From time to time, servicemembers and housing law intersect and with newfound protections afforded to the men and women in uniform, Bornstein Law wanted to revisit this topic.

We noted earlier that while tenants ordinarily have no right to terminate their lease early because of a new job or job relocation, military personnel have been carved out as an exception if they receive permanent change of station orders, or if their expected deployment will be 90 days or more. If either of these criterion is met, tenants on active duty can terminate the lease with 30 days’ written notice, without penalty.

That is courtesy, in part, of the Servicemembers Civil Relief Act, a 2003 law that restricts or limits actions against military personnel who are inherently transient. The Act was designed to relieve the stress of active duty service members and their families and allow military members to “devote their entire energy to the defense needs of the Nation.”

There are numerous obligations of both the landlord and departing service member under federal and California law, but we won’t get lost in the weeds now – suffice it to say that military personnel are given deference when being reassigned.

If amnesty is given to military members who are tenants, will they also be given favoritism if they are landlords?

That’s an interesting question we posed when we observed the case of Ballinger v. City of Oakland. When duty called for the Oakland couple, they left for Maryland for a short time but before doing so, rented out their home on a month-to-month basis. When it was time to come back home after their assignment was complete, however, the service members with two small children in tow had to fork over nearly $7,000 in relocation payments to their tenants.
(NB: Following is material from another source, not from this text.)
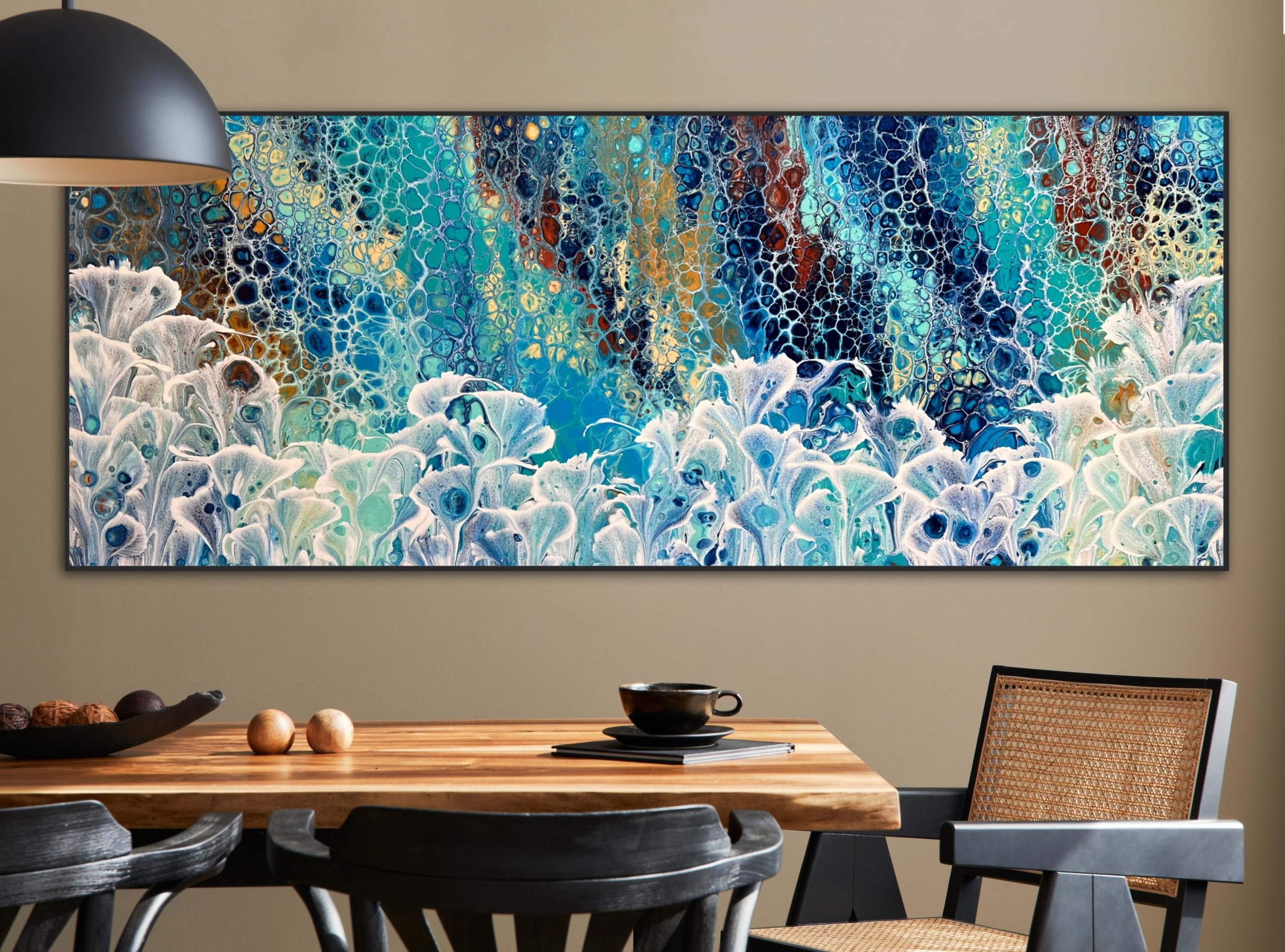 Sweeping Valley is inspired by nature and depicts in abstract Calla Lilies growing tall and in abundance with a lush valley full of colourful flora behind. Created using various techniques combined to allow increased flow, interaction and separation of colours to create interesting patterns where pops of colour can be seen emerging from underneath. This added dimension adds lace and cells to the artwork creating an interesting and one of a kind painting that can never be replicated.
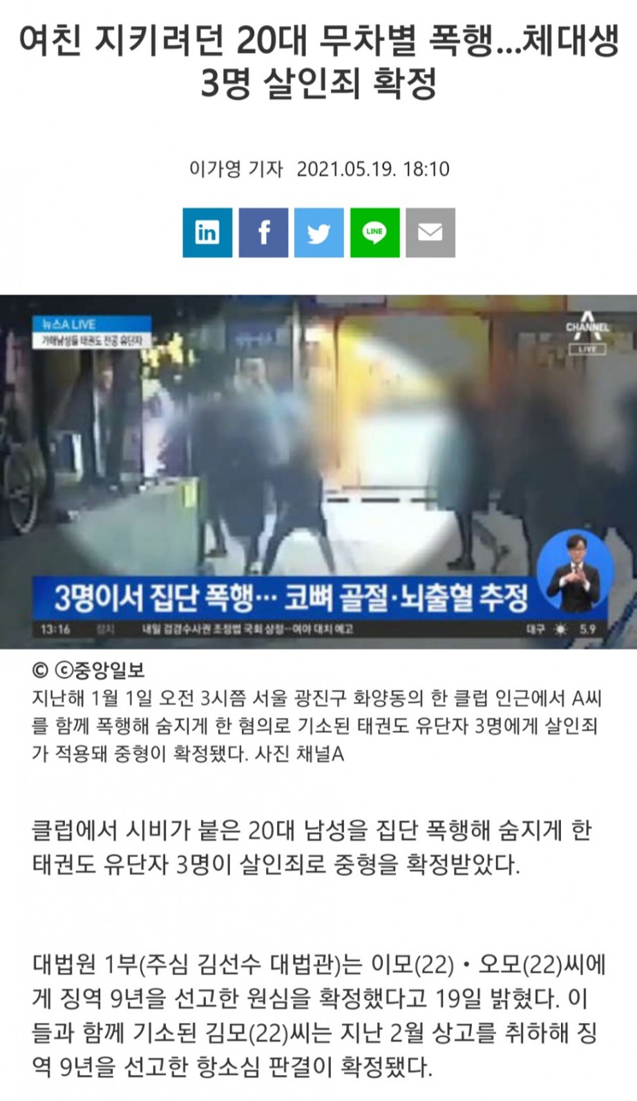 여친 지키려던 20대 무차별 폭행해서 사망..

The Air Force couple challenged the relocation scheme on constitutional grounds, but the court ruled they failed to “plead a cognizable legal theory” and that paying money to outgoing tenants is not an illegal seizure of property.

Military members get added recognition under new state law

The Governor recently signed a flurry of housing-related bills, two of them directly related to veterans, though not every landlord is a fan. In today’s polarized political climate, though, expressing concerns over added protections for veterans can be viewed as being against the troops.

SB 644 lowers limits on security deposits for active military – service members need only pay one month’s rent for unfurnished units and two months’ rent for furnished units.

If, however, the applicant has a poor credit history or track record of damaging rental property, these more relaxed security deposit rules would not apply. The lower security deposit requirement will not apply if the unit is rented to several individuals outside the service member’s close-knit family.

Although the bill has received widespread support and has been heralded by housing advocates, anti-poverty groups and veterans’ organizations, a high security deposit is sacrosanct to some landlords who fear that they will not have enough money on hand to pay for repairs and make no distinction that the tenant is in uniform.

At Bornstein Law, we say lighten up and give them a break. There’s plenty of more pressing concerns operating a rental business than shaving a security deposit for those who risk their lives to defend a person’s right to own a property.

Anti-discrimination laws extend to military members and veterans

We have stated in many venues that California has an ever-expanding pool of “protected” classes that cannot be discriminated against, and SB 222 adds veterans to a list of tenants who cannot be given the cold shoulder because of veteran or military status. Declaring that such bias is against public policy, the bill prohibits rental property owners from refusing to accept Veterans Affairs Supportive Housing Vouchers.

General Douglas MacArthur once said, “Whoever said the pen is mightier than the sword obviously never encountered automatic weapons.” We agree and pay homage to our brave heroes, but in landlord-tenant matters, we are reduced to the pen and legislation to ease the burden.